В наступившем году Андреев занимался трактатом и завершением «Железной мистерии». 2 мая сообщил о ее окончании: «Сегодня кончил курс занятий, начатый еще в 50 г. Не станцевали буги-вуги или джигу только из-за сердца». К письму приложил вступление:
…И, не зная ни успокоенья, ни постоянства,
Странной лексики обращающаяся праща
Разбросает
добросозвучья
и диссонансы,
Непреклонною
диалектикой
скрежеща.
Оно написано «размером, никогда никем не употреблявшимся, читать надо медленно, плавно и широко, – пояснял он. – Размер этот – гипер-пеон»602.
Начатая вместе с «Розой Мира» мистерия изображала события русской метаистории ХХ века. Возрождение мистерии – сакрального жанра – одна из задач его «поэтической реформы». Мистерия, считал он, непременно расцветет в будущем и станет частью культа «Розы Мира». Уроки вагнеровской мистериальной драматургии, символических драм Ибсена, драматических поэм Блока для него подступы к новому жанру. Помнил он мистерию Коваленского – «Неопалимая Купина». И даже «Мистерию-буфф» Маяковского.
Метаисторическое действо, развернутое в двенадцати актах, стало не столько переосмыслением прошлого и настоящего, сколько пророчеством о событиях конца века. Исторические персонажи, чья энергия питается силами тьмы, в мистерии стали гротескно-символическими образами, олицетворяя тайную суть событий. А жертвенные герои сил света – праведники, проповедники, как и символический автогерой, поэт-вестник – носители высшей правды.
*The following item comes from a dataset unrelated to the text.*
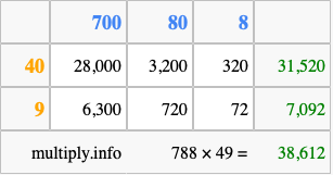 That's all there is to it! As you can see from the box above, the answer to 788 times 49 using the box method is 38,612.
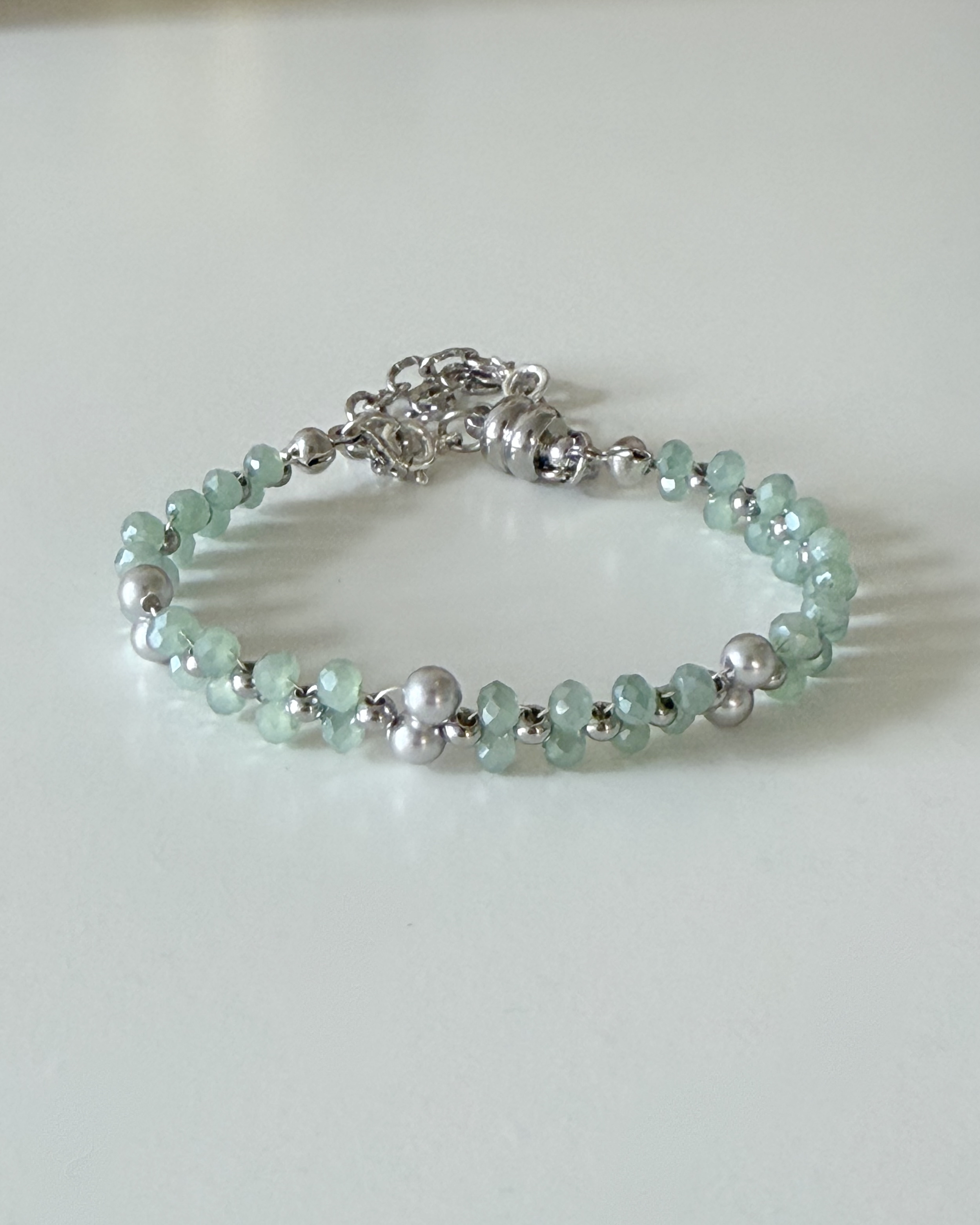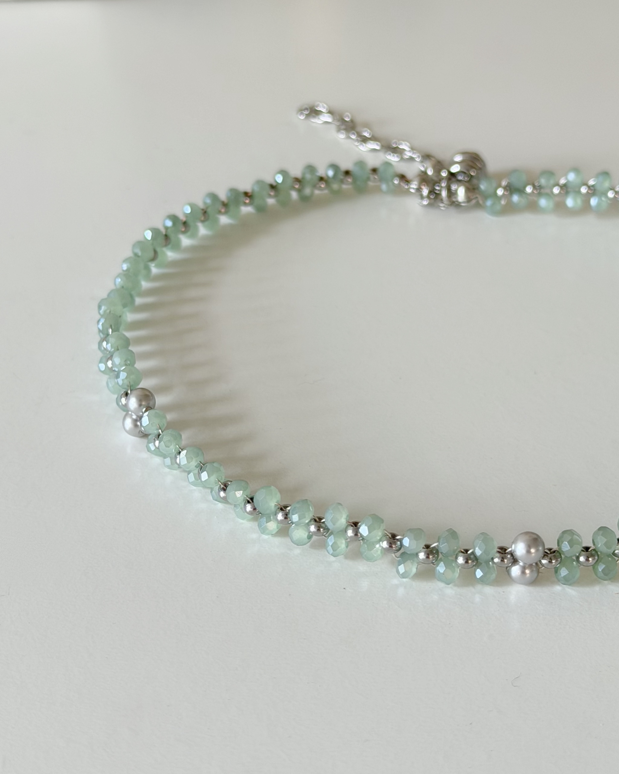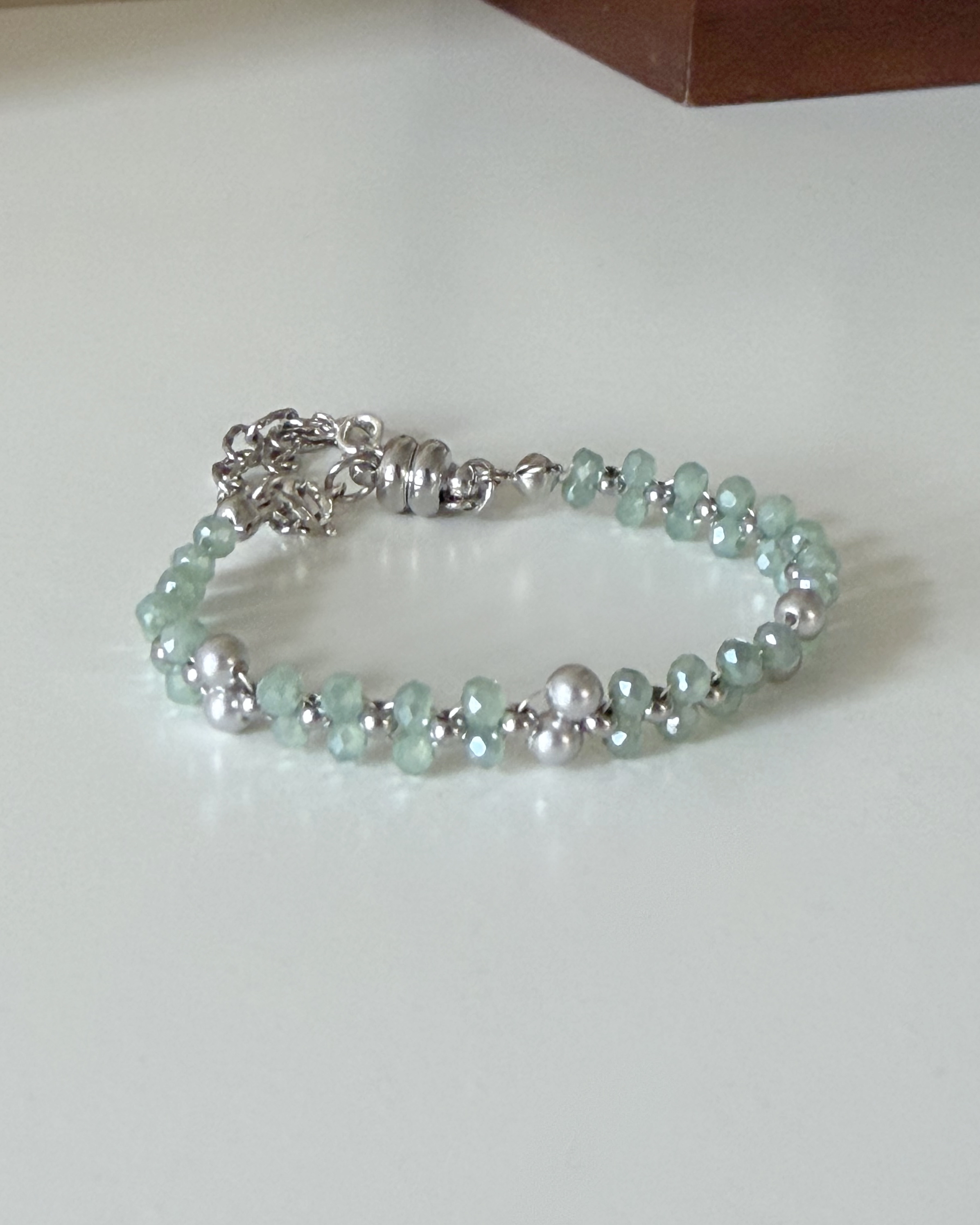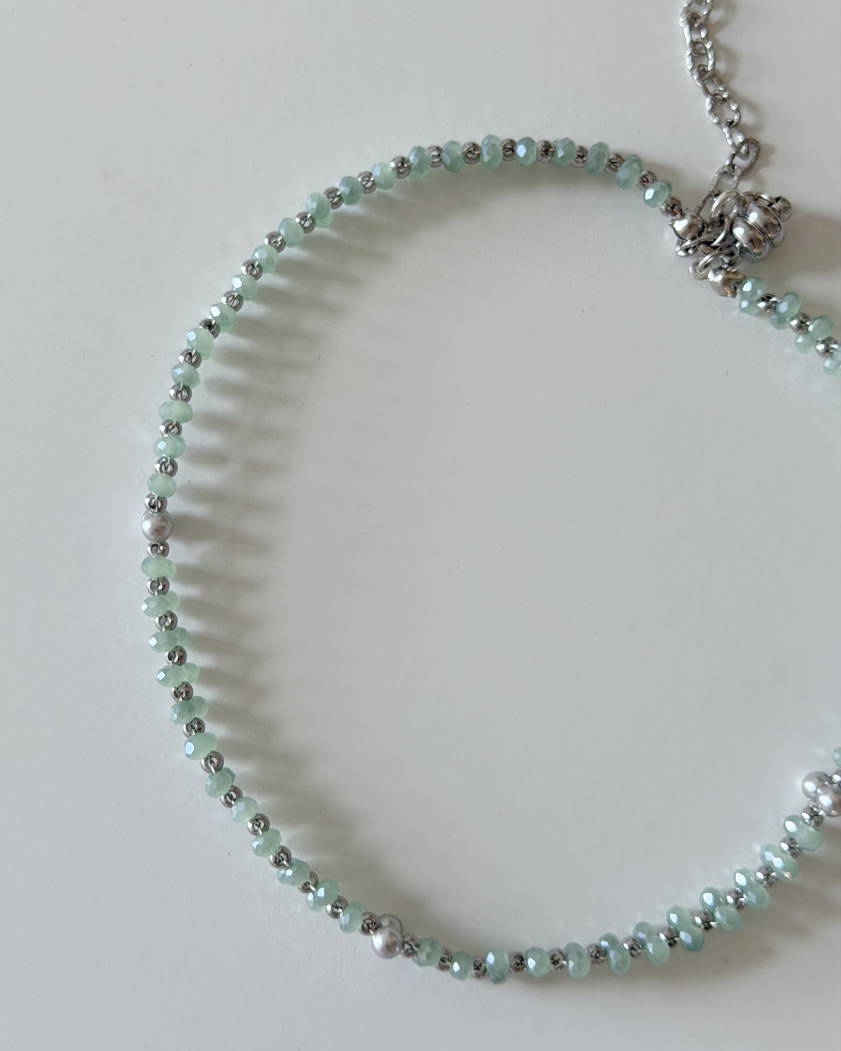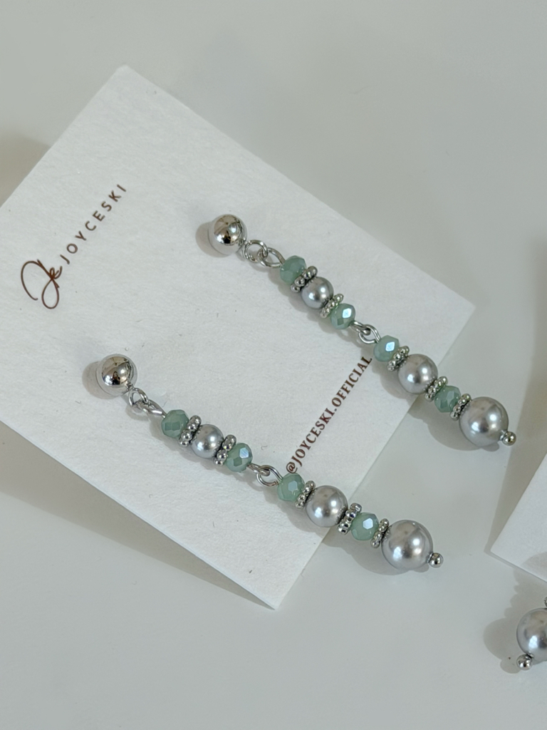 Forestlight Blossom 森光花語 🌿 Pastel綠色 + 銀色配件 + 淺灰珍珠 如森林深處透出的光芒,清幽而靜謐. 風格定位:綠色水晶如嫩葉,灰珍珠如林間露珠,銀色配件如月光映照,適合自然系或療癒風格 淺灰珍珠 Pastel綠色 長耳環 HKD 158

Необычность «Железной мистерии», мифологически преображающей историю, ее многоголосие требовали изощренной работы воображения. Первыми читателями стали громко восторгавшийся Зея Рахим и жена. Она не скрывала и критики. Автор встречал замечания с вниманием, но стоял на своем: «…не понимаю, за что ты могла ворчать под конец на “Мистерию”. Именно в конце… непостижимо. <…> Я не считаю, что “Мист<ерия>” кончена, вижу кучу недостатков, потребуется порядочное время на их устранение, но эти дефекты – не там»603.
8. Узлы прошлого
Состояние, о котором Андреев писал жене в начале декабря, к новому году ухудшилось. «Большую часть времени лежу, и не ради профилактики, а по необходимости. Три-четыре часа в день сидения за столом – это потолок моих возможностей. Нитроглицерин приходится глотать почти ежедневно, сейчас прохожу опять курс вливания глюкозы, но результатов пока не заметно. Голова, конечно, ясная, читать и заниматься могу, но ¼ часа походил по камере – и опять те боли, с которых год назад начался знаменитый приступ. <…> Все-таки лучше переждать еще 2–3 месяца и потом докуда-нибудь доехать, чем сорваться с места сейчас и не доехать нидокуда. Поэтому в затяжке решения прокуратуры есть, как ни странно, и своя хорошая сторона. Кроме того, самый факт затяжки является скорее хорошим, чем дурным признаком, так как отрицательные решения обычно выносятся быстро. <…> Подсосенский (переулок, где жили родители жены. – Б. Р.) не кажется мне пустой мечтой, а 101 км – тем более. Лично передо мной маячит еще и другой вариант: инвалидный дом где-нибудь поблизости…»604
1956 год он встречал с Зеей Рахимом. «Я улегся, когда полагается, в расчете на то, что если я постоянно не сплю по полночи, то в новогоднюю ночь тем более не пропущу 12 ч. Боролся-боролся со сном и – задремал. А когда друг, услышав 12-часовые звуки, произнес поздравление, я, ничего не соображая, пробормотал почему-то “Спокойной ночи!”, только тогда понял, в чем дело, развеселился и потом не мог уснуть и в самом деле, думая о тебе и о всяких наших с тобой делах»605, – элегично описывал он жене новогоднюю ночь. А в январе пришло решение по его заявлению. Выписка из протокола гласила: «Центральной комиссией статья УК 19-58-8 переквалифицирована на 7-58-8, наказание по статьям 17-58-8, 58–10 ч. 2, 58–11 оставлено прежнее – на срок 25 лет тюремного заключения».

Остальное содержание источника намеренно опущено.